The name is Lee, Bruce Lee, and this was the last of his leading-role features for me to catch up on. I hadn't realised just how much Brad Pitt ripped off his persona in Fight Club and similarly how literally Tarantino lifted much of this for Kill Bill.
The plot is a train wreck. Notionally Bruce and other martial artists are drawn to an island off the coast of Hong Kong for a tournament. Everyone has their reasons for being there, told in dissolved flashback, but the premise doesn't survive Bond-adjacency. John Saxon co-leads as a suave Sean Connery-esque American gambler with debts and scruples who happens to know Jim Kelly from the American activities in Việt Nam from six years prior. Kelly gets all the ladies because Bruce is too busy taking care of business as instructed by his Shaolin-descended master.

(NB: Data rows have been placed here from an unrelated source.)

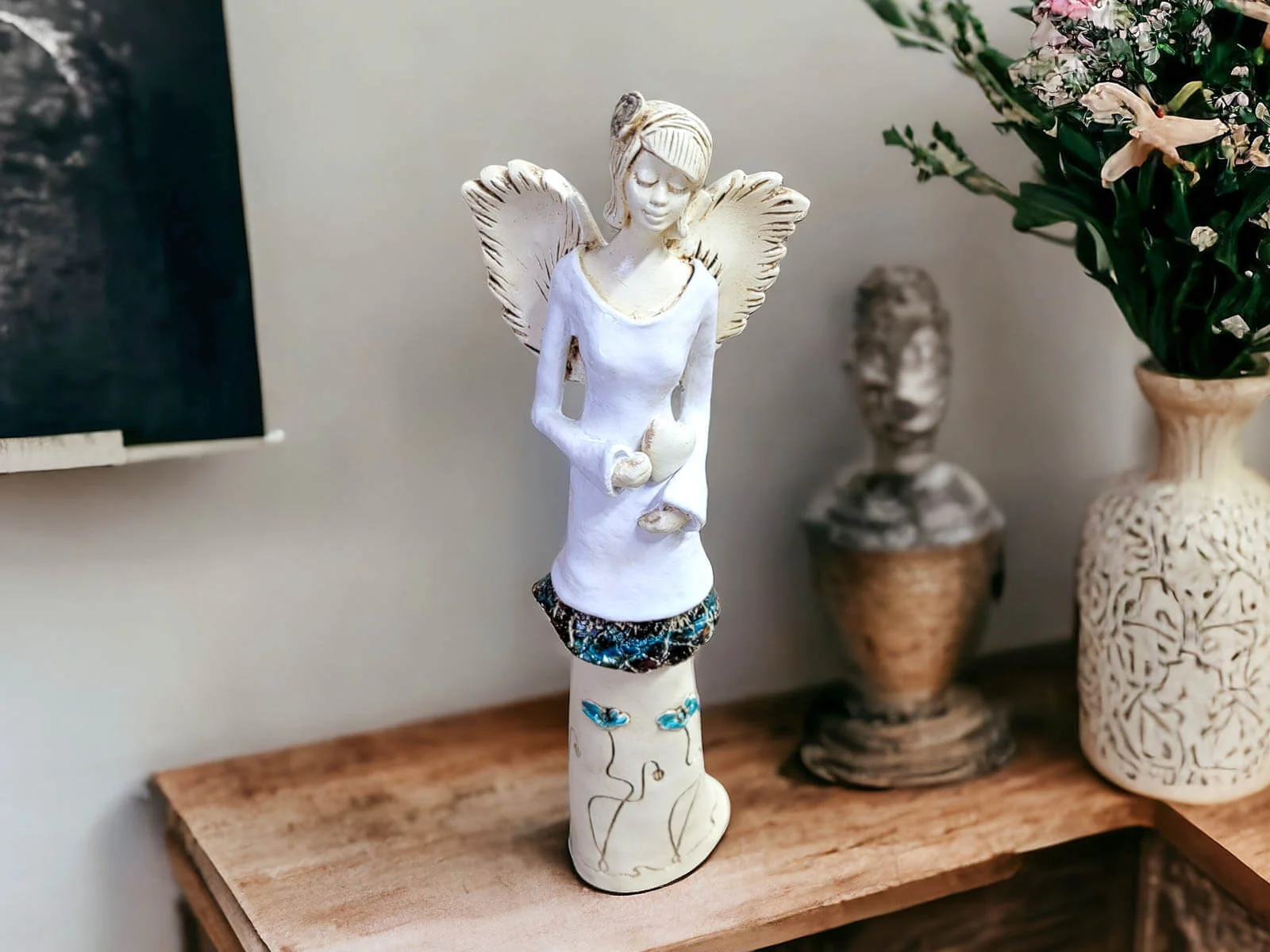 Anioł Mia jest przepiękną postacią o uspokajającym i kojącym wyrazie twarzy. Jej puszyste skrzydła dopełniają jej idylliczny charakter. Ma na sobie długą biało-beżową suknię, po której pną się kwiaty. Kwiaty, które są wszechobecne w tej figurze - znajdują się również we włosach Mii oraz w formie bukietu trzymanego w rękach. Figurka jest bardzo uniwersalna. Sprawdzi się bowiem jako prezent z wielu okazji, a przy tym będzie pięknym akcentem w każdym mieszkaniu.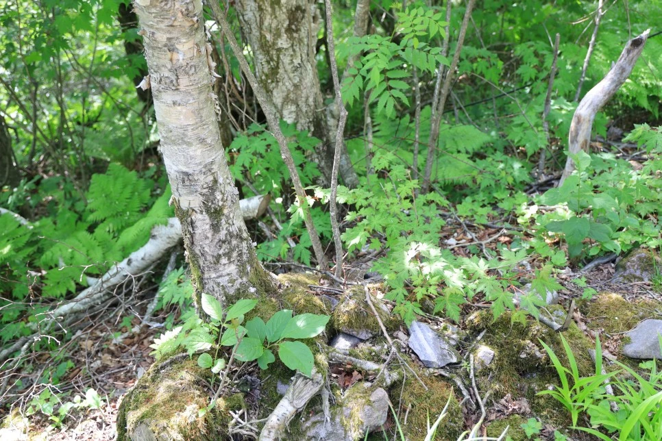 드러난 뿌리 사이에 여러 가지 식물들이 공생하고 있다. 원 나무는 사스레나무로 보이는데, 단풍나무를 비롯하여 각기 다른 잎모양이 여럿이다.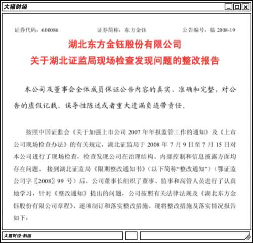因为这个,湖北证监局还专门对东方金钰做了个处罚,说公司实际控制人的行为缺乏约束,董事会未能充分发挥作用,责令公司改正。

The climax is unsatisfying perhaps because it is unclear master villain Kien Shih can take it to Lee; there's a lot of in-close shots and choppy editing in all the fight scenes. What's with the missing hand? — things got pure Wolverine at the end. The Brits turn up too late to do anything useful. I had to wonder who'd be dumb enough to be a stunt man in a Bruce Lee flick in 1973. There's some great cinematography especially of Hong Kong harbour; it's a bit of a time capsule like Melville's take on roughly contemporaneous Paris.
Everything is at Wikipedia. An early blaxploitation! Once again Jackie Chan is apparently in there somewhere.